Oh my gosh the SXSW performance was crazy! I just was so surprised at how they reacted to me. They were so energetic. They had so many great vibes. Since then I’ve gotten a lot of American followers as well, I don’t know if it’s because my song gets played on BET. “Step in the Dance” it’s called. It gets played on BET a lot!

The Nicki Minaj comparison, you mentioned it last year and you mention it in “I Will.” Is it seriously still going on? Is it as frustrating? 

Yeah, I don’t think it’s ever gonna stop. Every new rapper that’s up-and-coming, they say she sounds like her and puts her in the same category as Nicki. I didn’t want to go too deep into it, I’d been seen as trying to dis her. But I’m just saying I’m not a carbon copy of anything, sometimes the comparison is only because I’m a female rapper. I think it’s ignorant.

Any comparisons to Azealia Banks yet?

No actually, I haven’t. I have people say that I look like her. But it’s always Nicki Minaj. And Busta Rhymes.
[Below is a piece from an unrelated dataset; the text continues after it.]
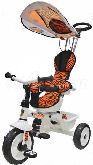 у нас такой. отвратительно держится козырек, на кочках может даже ребёнку на голову упасть. педали расположены неправильно, дотянуться до них состояние только высокий ребенок. покупкой недовольна, радует только дизайн

No one else. Azealia follows me on Twitter and has been really cool.

Don’t mess with her.

Haha, I won’t!

I haven’t seen you engage in much Twitter beef.

Right, I have banter now and again but I’m not into all that beef and stuff. Everyone can see. Your supporters can see. It’s not a good look.

I hear you’re recording new stuff.

Yeah, I’m doing an EP, because it’s all original songs now. I feel like I have to put the work in and do a crazy CD of mad different genres. It might be called The Unexpected or Mona Leshurr. I got six tracks already. I’m hitting the studios every single day and co-producing as well. I used to produce and want to get back to it. I’m gonna have input in all the tracks. It will be like a mini album with a Missy Elliott kinda sound about it. There’s a gap for that kind of sound right now.